KINETICS OF THE BAROTROPIC RIPPLE (P-BETA) LAMELLAR LIQUID-CRYSTAL (L-ALPHA) PHASE-TRANSITION IN FULLY HYDRATED DIMYRISTOYLPHOSPHATIDYLCHOLINE (DMPC) MONITORED BY TIME-RESOLVED X-RAY-DIFFRACTION

We present here the first study of the use of a pressure-jump to induce the ripple (P-beta')/lamellar liquid crystal (L-alpha) phase transition in fully hydrated 1,2-dimyristoyl-sn-glycero-3-phosphocholine (DMPC). The transition was monitored by using time-resolved x-ray diffraction (TRXRD). Applying a pressure-jump from atmospheric to 11.3 MPa (1640 psig, 111.6 atm) in 2.5 s induces the L-alpha to P-beta-phase transition which takes place in two stages. The lamellar repeat spacing initially increases from a value of 66.0 +/- 0.1 angstrom (n = 4) to a maximum value of 70.3 +/- 0.8 angstrom (n = 4) after 10 s and after a further 100-1 50 s decreases slightly to 68.5 +/- 0.3 angstrom (n = 4). The reverse transition takes place following a pressure jump in 5.5 s from 11.3 MPa to atmospheric pressure. Again, the transition occurs in two stages with the repeat spacing steadily decreasing from an initial value of 68.5 +/- 0.3 angstrom (n = 3) to a minimum value of 66.6 +/- 0.3 angstrom (n = 3) after 50 s and then increasing by approximately 0.5 angstrom over a period of 100 s.

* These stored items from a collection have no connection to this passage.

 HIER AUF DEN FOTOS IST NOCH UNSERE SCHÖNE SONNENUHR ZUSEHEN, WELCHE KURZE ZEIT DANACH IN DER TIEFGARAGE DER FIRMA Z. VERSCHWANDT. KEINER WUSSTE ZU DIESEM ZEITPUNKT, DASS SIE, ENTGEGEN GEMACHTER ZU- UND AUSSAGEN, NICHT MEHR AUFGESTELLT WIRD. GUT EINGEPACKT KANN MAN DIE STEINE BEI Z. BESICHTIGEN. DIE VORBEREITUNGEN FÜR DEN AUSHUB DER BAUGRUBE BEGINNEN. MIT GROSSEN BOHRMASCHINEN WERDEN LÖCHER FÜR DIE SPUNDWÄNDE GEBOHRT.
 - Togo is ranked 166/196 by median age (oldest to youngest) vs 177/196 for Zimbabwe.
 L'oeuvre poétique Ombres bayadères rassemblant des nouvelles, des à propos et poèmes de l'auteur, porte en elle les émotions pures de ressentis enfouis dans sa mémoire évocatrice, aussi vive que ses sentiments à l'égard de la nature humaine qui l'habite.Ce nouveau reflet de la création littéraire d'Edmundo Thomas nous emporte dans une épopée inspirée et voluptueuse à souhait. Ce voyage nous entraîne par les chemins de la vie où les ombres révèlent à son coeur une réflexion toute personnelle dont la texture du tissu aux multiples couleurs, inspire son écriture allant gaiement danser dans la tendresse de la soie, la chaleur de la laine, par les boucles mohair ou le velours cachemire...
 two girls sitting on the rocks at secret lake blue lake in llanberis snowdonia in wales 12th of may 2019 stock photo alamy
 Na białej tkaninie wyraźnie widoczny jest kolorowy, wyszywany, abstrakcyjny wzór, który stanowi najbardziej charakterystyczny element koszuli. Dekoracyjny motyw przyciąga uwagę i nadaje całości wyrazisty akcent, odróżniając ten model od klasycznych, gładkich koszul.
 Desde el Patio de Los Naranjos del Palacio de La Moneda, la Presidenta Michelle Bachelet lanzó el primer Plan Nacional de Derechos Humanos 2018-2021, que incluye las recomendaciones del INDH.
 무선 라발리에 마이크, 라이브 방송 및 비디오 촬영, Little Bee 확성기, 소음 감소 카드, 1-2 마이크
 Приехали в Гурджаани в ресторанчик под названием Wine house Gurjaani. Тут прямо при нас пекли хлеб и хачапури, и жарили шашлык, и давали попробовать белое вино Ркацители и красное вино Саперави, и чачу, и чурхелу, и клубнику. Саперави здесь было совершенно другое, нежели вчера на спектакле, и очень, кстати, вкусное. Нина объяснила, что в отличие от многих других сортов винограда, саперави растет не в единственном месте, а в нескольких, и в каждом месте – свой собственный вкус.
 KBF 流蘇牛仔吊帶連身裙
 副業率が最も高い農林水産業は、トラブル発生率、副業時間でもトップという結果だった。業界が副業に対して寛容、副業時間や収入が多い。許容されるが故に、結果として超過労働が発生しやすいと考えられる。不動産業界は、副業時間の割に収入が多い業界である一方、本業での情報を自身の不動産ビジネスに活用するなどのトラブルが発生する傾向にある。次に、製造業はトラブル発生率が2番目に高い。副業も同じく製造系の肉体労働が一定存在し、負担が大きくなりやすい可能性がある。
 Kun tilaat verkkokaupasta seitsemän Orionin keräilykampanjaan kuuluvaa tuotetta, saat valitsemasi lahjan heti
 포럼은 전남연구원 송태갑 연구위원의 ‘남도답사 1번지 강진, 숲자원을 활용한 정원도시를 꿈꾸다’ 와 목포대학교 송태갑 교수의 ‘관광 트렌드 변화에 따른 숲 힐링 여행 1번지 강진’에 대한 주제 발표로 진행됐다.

The transition temperature increases linearly with pressure up to 14.1 MPa in accordance with the Clapeyron relation, giving a dT/dP value of 0.285-degrees-C/MPa (28.5-degrees-C/kbar) and an associated volume change of 40-mu-l/g. A dynamic compressibility of 0.13 +/- 0.01 angstrom/MPa has been determined for the L-alpha-phase. This value is compared with the equilibrium compressibilities of bilayer and nonbilayer phases reported in the literature. The results suggest testable mechanisms for the pressure-induced transition involving changes in periodicity, phase hydration, chain order, and orientation. A more complete understanding of the transition mechanism will require improvement in detector spatial resolution and sensitivity, and data on the pressure sensitivity of phase hydration.